Наука о небесных кренделях

Елена Колина, 2014

«Наука о небесных кренделях» Елены Колиной – продолжение знаменитого «Дневника новой русской». Это актуальный и ироничный роман с узнаваемыми персонажами, проявляющими те человеческие качества, которые порой хочется скрыть и никому не показывать. Все люди в основе своей одинаковы. Они ищут новые проблемы и игнорируют текущие, обижаются, ругаются, отрекаются друг от друга. Они всегда чем-то недовольны. Но как только жизнь омрачает трагедия, все мелкие недовольства, казалось бы, такие важные, становятся тривиальными и бессмысленными. Вместо них появляется сочувствие, сопереживание и, конечно, любовь. Елена Колина умеет мастерски писать смешно о грустном. «Наука о небесных кренделях» – это роман о воспитании чувств, который иронизирует над современным миром и описывает его именно таким, каким он является: веселым и печальным, жестоким и милосердным.

Оглавление

Отовсюду с любовью. Пятница, 28 марта

22.05

…Притворяться почтибесстрашной означало оставаться в своем мире, там, где не сидят на полу в крови, вот я и держалась за свой мир изо всех сил.
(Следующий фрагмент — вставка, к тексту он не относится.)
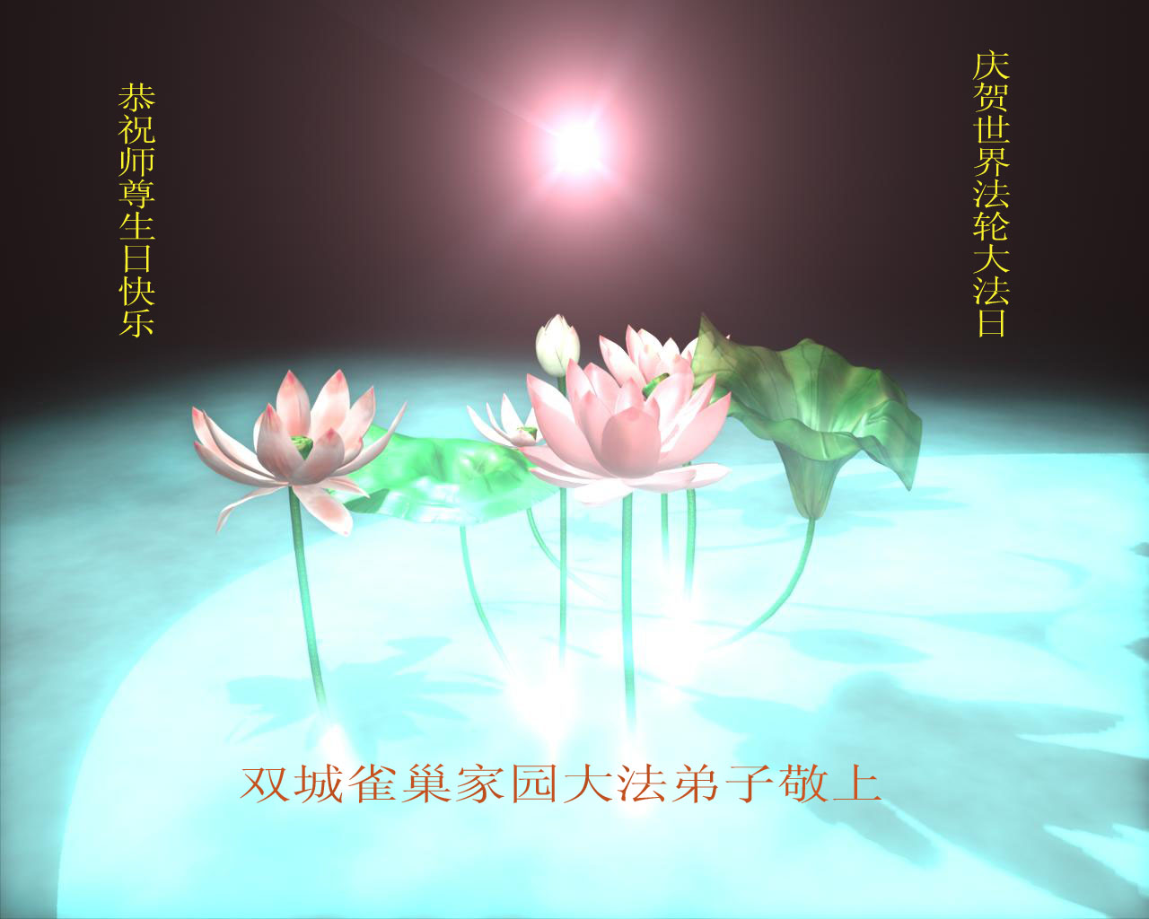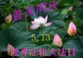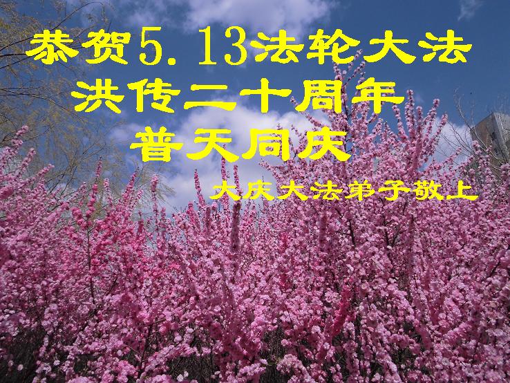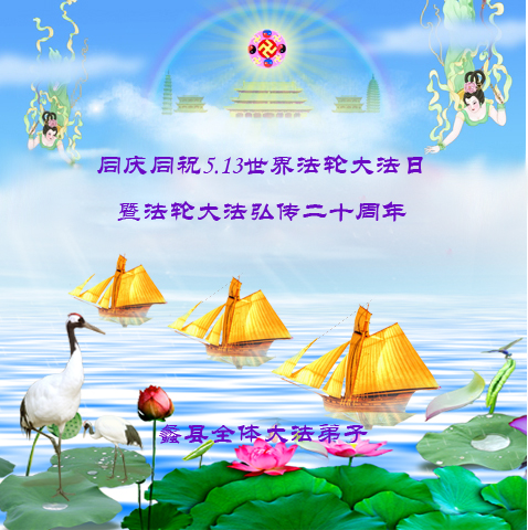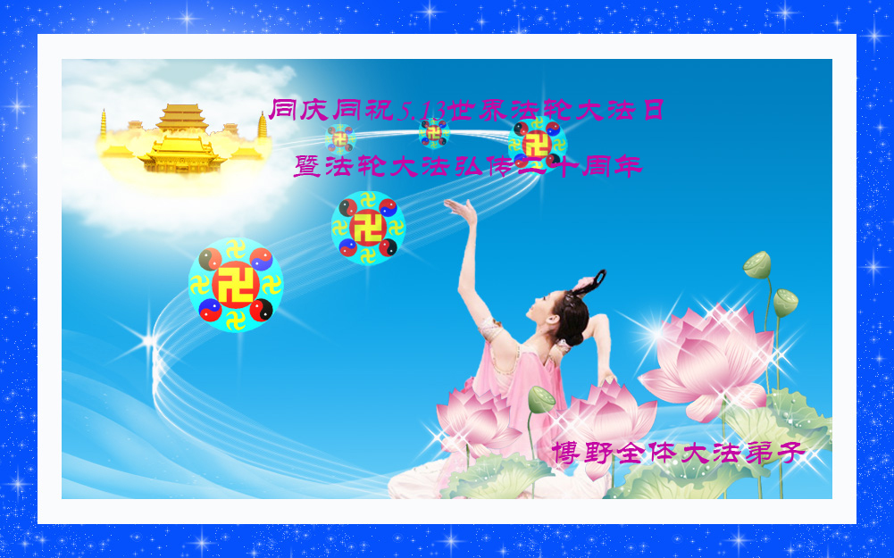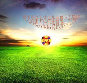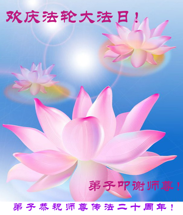 值此法轮大法洪传二十周年之际,我们身居中国东北部的边陲小镇,通过网络表达对师尊的感恩与思念。此时此刻,内心的喜悦和激动与对师尊的感激、叩谢无以言表……二十年来,多少风雨沧桑、多少艰难岁月、多少辛酸苦难、多少荆棘坎坷、多少腥风血雨伴随着我们一路走来,是伟大的师尊无微不至、无所不在的慈悲与呵护才使我们走到今天。回过头来,真是别有一番感慨,千言万语也无法表达师尊的慈悲浩荡!唯有做好三件事,跟上正法進程,早日实现遍地开花,救度更多的众生。在这值千金值万金的最后时刻,不懈怠、不涣散、不麻木,找回修炼如初的状态,意如金刚,坚如磐石,坚定实修到最后,兑现自己的洪誓大愿! 大法弟子普天同庆世界法轮大法日!

— Какая-то у вас квартира чересчур профессорская. Картины… — сказал Главный. — Вы-то сами на профессора не похожи.

А на кого я похожа, на торговку наркотиками? Кстати, на моем портрете у лифта четко обозначена профессия — писатель. Очевидно, Главный не узнал меня… очевидно, мне уже пририсовали усы. Андрей придет домой, а у лифта трехметровая… с усами, конечно, совсем не тот эффект.

— Книжки есть?! — внезапно вскричал один из мужчин, похожий на старательного придурка с тонким пронзительным голосом, который все делает невпопад, на Вицина из троицы Трус-Балбес-Бывалый.

Они вломились ко мне с оружием, чтобы взять почитать книгу?

— У меня прекрасная библиотека, что именно вы хотите почитать?…

Никто не улыбнулся. Начался обыск.

Не хотела бы я проводить обыск в чьей-то спальне. Предпочла бы обыскать кухню, или гостиную, или гараж. Хотя, конечно, спальня — самое информационно емкое место, вот где можно узнать о человеке все — по книгам у кровати, по дискам… А если у человека имеются какие-нибудь сексуальные игрушки?… Может получиться неловко.

Главный и его люди даже не взглянули на книги и диски у нас на тумбочках, зато подробно изучили все, что было в тумбочках.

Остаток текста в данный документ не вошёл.